-- What to do --
Which lines run from the one containing "教室の床張り替え工事が、順調にすすんでいるようです。" through the last line of the records? Copy them exactly, leaving pictures out.

-- Source material --
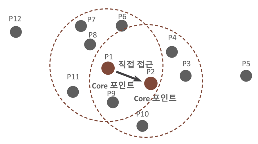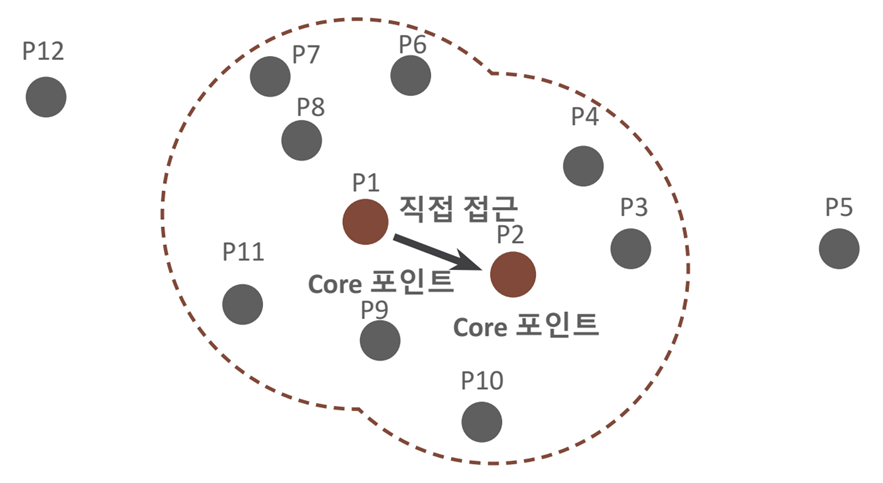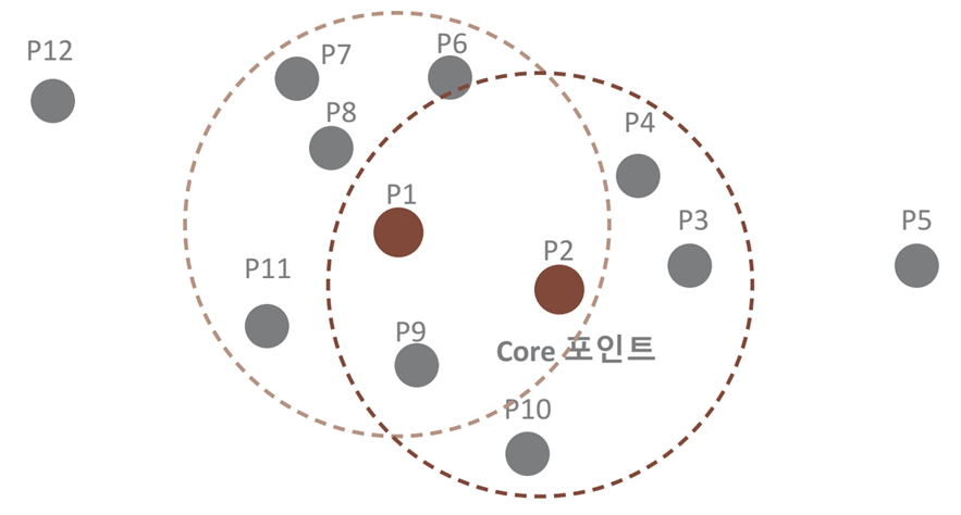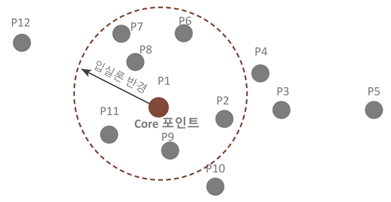 - 핵심 포인트(Core Point): 주변 영역 내에 최소 데이터 개수 이상의 타 데이터를 가지고 있을 경우
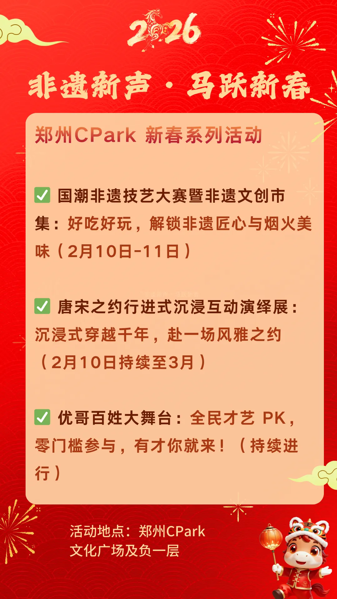 作为郑州 1.75 公里文化 + 体验 + 商业综合体,郑州 CPark 重磅推出 “非遗新声・马跃新春” 系列活动,集非遗盛宴、沉浸演绎、才艺比拼、亲子游乐、美食小吃于一体。从小年开始,带你解锁最有仪式感的新春玩法,每一处都藏着惊喜,这份超全游玩攻略,赶紧码住!
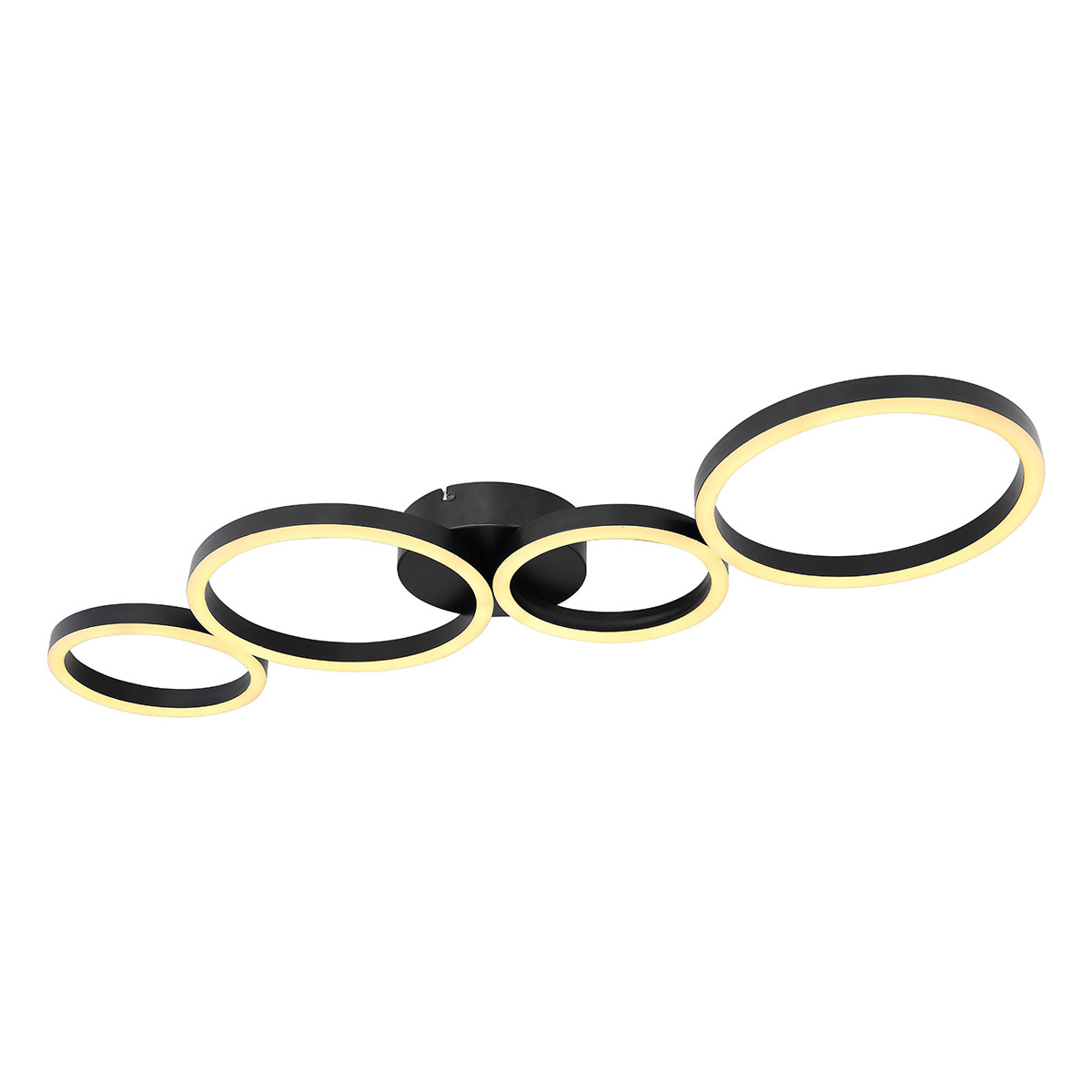 Zet een nieuwe standaard in huisdecoratie met de geavanceerde Plafondlamp “VENOSA”. Deze lamp is versierd met vier stijlvolle, zwarte metalen ringen, afgewerkt met een kunststof kap voor extra duurzaamheid. De lamp heeft een ingebouwde LED-plaat die met 1500 lumen en 3000 Kelvin een warm, helder licht produceert. De afmetingen (L: 88,5 cm, B: 33 cm, H: 6,5 cm) maken het een opmerkelijke aanvulling op elke ruimte. Ook beschikbaar in een frisse, witte kleurstelling.
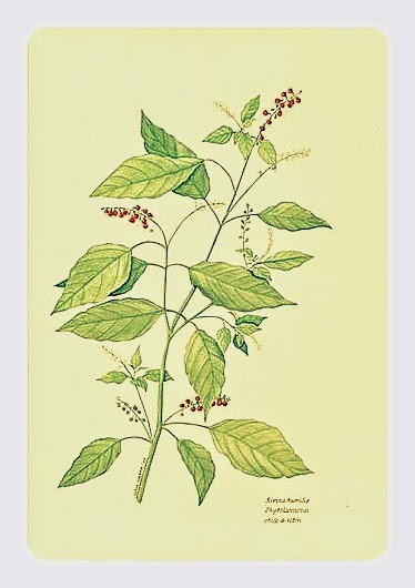 De hojas alternas, puntiagudas, con el margen a veces ondulado, de color verde brillante, a veces con pelillos.Presenta racimos de flores con tepalos, en la punta de los tallos o en las axilas de las hojas, de hasta 16 cm de largo, y alargándose al presentarse los frutos, generalmente cubiertos de pelillos.
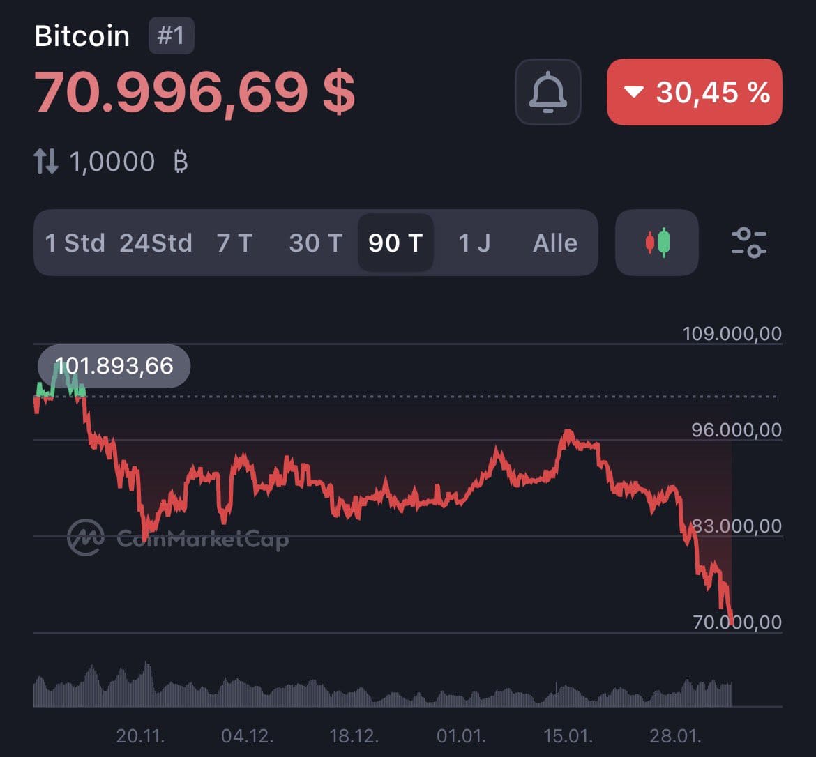 Parallel zum institutionellen Ausstieg zeigt sich eine deutliche Marktpanik: Bitcoin ist auf etwa 71.000 US-Dollar gefallen und hat damit sämtliche Zugewinne seit der US-Präsidentschaftswahl wieder verloren.
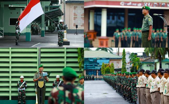 Hal tersebut, disampaikan Pangdam II/Swj Mayjen TNI Sudirman, S.H, M.M melalui Perwira Ahli Pangdam II/Swj bidang Sosial Budaya Kolonel Inf Afianto ketika bertindak sebagai Inspektur Upacara pada upacara Bendera Mingguan, Senin (14/11/2016) bertempat di Lapangan Upacara Makodam II/Swj, Palembang. “Dalam kehidupan bermasyarakat antar umat beragama harus saling menghormati dan menghargai. Semangat hidup bertoleransi ini harus terus kita jaga dan kita pelihara sebagai bangsa yang majemuk, plural dan serba bhineka. Dalam konteks ini, prajurit dan PNS Kodam II/Swj harus mampu menjadi teladan, pelopor dan pemersatu”, tandasnya. Pada bagian lain arahannya, terkait Pilkada serentak di beberapa wilayah Kodam II/Swj, Pangdam II/Swj juga kembali mengingatkan kepada seluruh prajurit dan PNS Kodam II/Swj untuk tetap memegang teguh sikap netralitas TNI. “Jangan ada pelanggaran sekecil apapun dan jangan terlibat kegiatan politik praktis yang dapat merugikan pribadi masing-masing maupun satuan. TNI berkomitmen untuk tetap bersikap netral, senetral-netralnya. Tugas TNI adalah menjaga stabilitas keamanan, agar seluruh tahapan Pilkada serentak berjalan dengan aman, damai dan lancar, tidak ada gejolak maupun konflik’, tandasnya. Selanjutnya, terkait dengan musim penghujan dan tingginya intensitas hujan pada akhir-akhir ini, sehingga mengakibatkan banjir dan tanah longsor di beberapa daerah, serta menimbulkan kerugian personel dan materiil, Pangdam II/Swj mengingatkan kepada seluruh prajurit dan PNS Kodam II/Swj serta warga masyarakat untuk mewaspadai terjadinya bencana alam yang sewaktu-waktu dapat terjadi dan dapat mengancam keselamatan jiwa maupun harta benda. Upacara bendera mingguan yang berjalan dengan tertib dan khidmat, ditandai dengan pengibaran bendera merah putih, pembacaan teks Pancasila dan pengucapan Sapta Marga. Turut hadir pada kesempatan tersebut, para Staf Ahli Pangdam II/Swj, para Asisten Kodam dan para Kabalak di lingkungan Makodam II/Swj serta segenap prajurit dan PNS Kodam II/Swj.
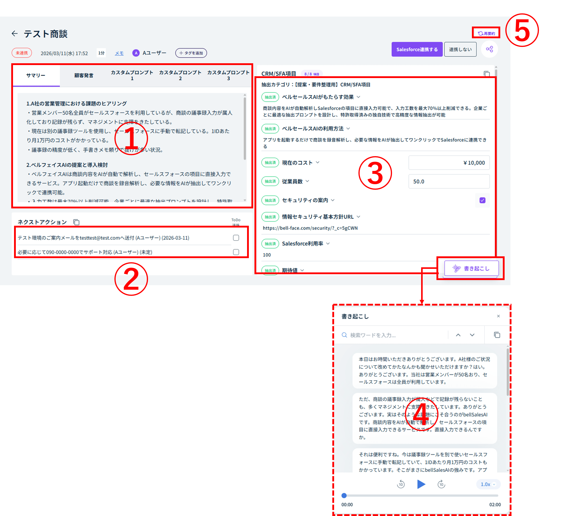 - 要約内容や書き起こしテキストなど、bellSalesAI側のログ情報を編集してからSalesforceに連携することができます。
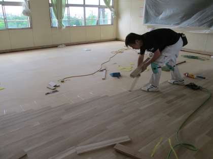 教室の床張り替え工事が、順調にすすんでいるようです。
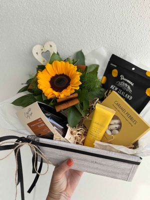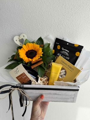 This lovely Gift Box Has a potted Sunflower. Biscoff chocolate bark, Caramel pebbles, Hokey Pokey Clusters and a cute lemon hand creme -
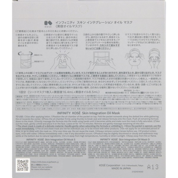 인피니티 스킨 인테그 오일 마스크 1매 24mL 코세 > 미용액
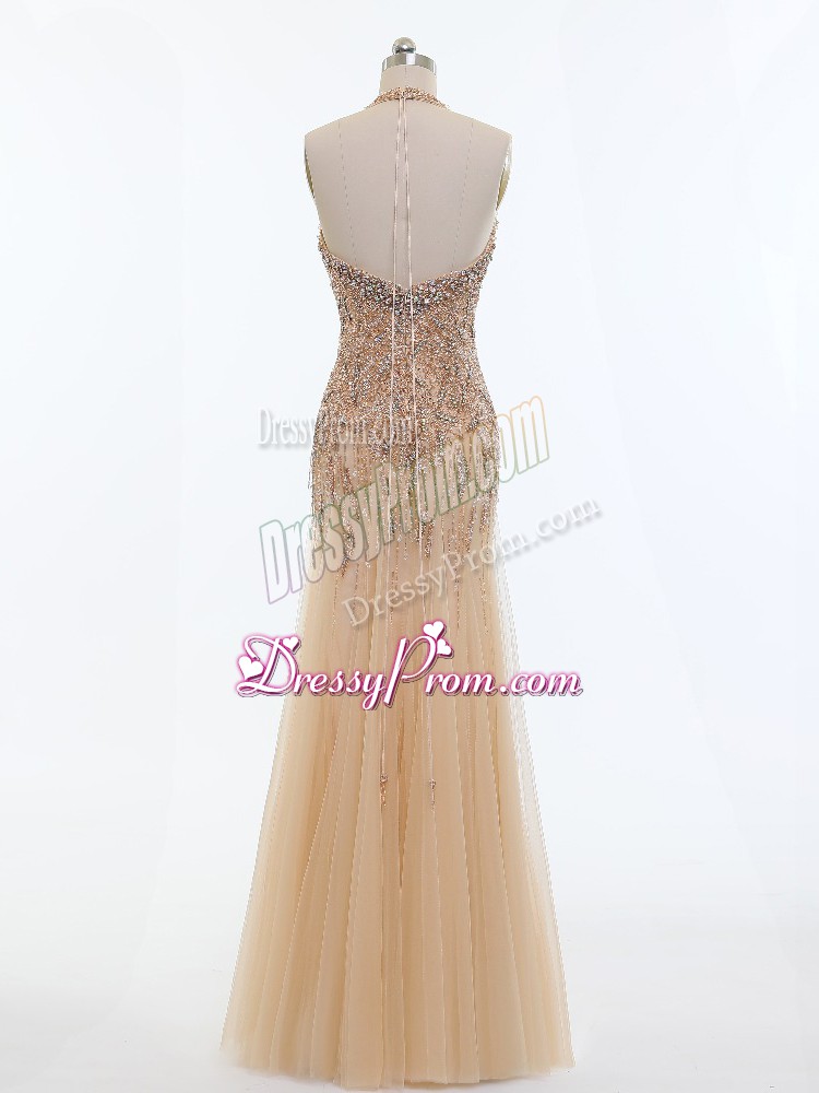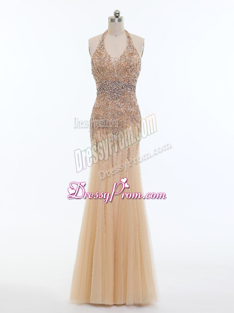 Neckline : Halter topShown Color : ChampagneSilhouette : MermaidSleeve Length : sleevelessHemline : floor lengthBack Detail : BacklessFabric : TulleEmbellishment : BeadingOccasion : Prom,Military BallSeason : Spring,Summer,Fall,Winter

-- Solved exercise --
 教室の床張り替え工事が、順調にすすんでいるようです。
 This lovely Gift Box Has a potted Sunflower. Biscoff chocolate bark, Caramel pebbles, Hokey Pokey Clusters and a cute lemon hand creme -
 인피니티 스킨 인테그 오일 마스크 1매 24mL 코세 > 미용액
 Neckline : Halter topShown Color : ChampagneSilhouette : MermaidSleeve Length : sleevelessHemline : floor lengthBack Detail : BacklessFabric : TulleEmbellishment : BeadingOccasion : Prom,Military BallSeason : Spring,Summer,Fall,Winter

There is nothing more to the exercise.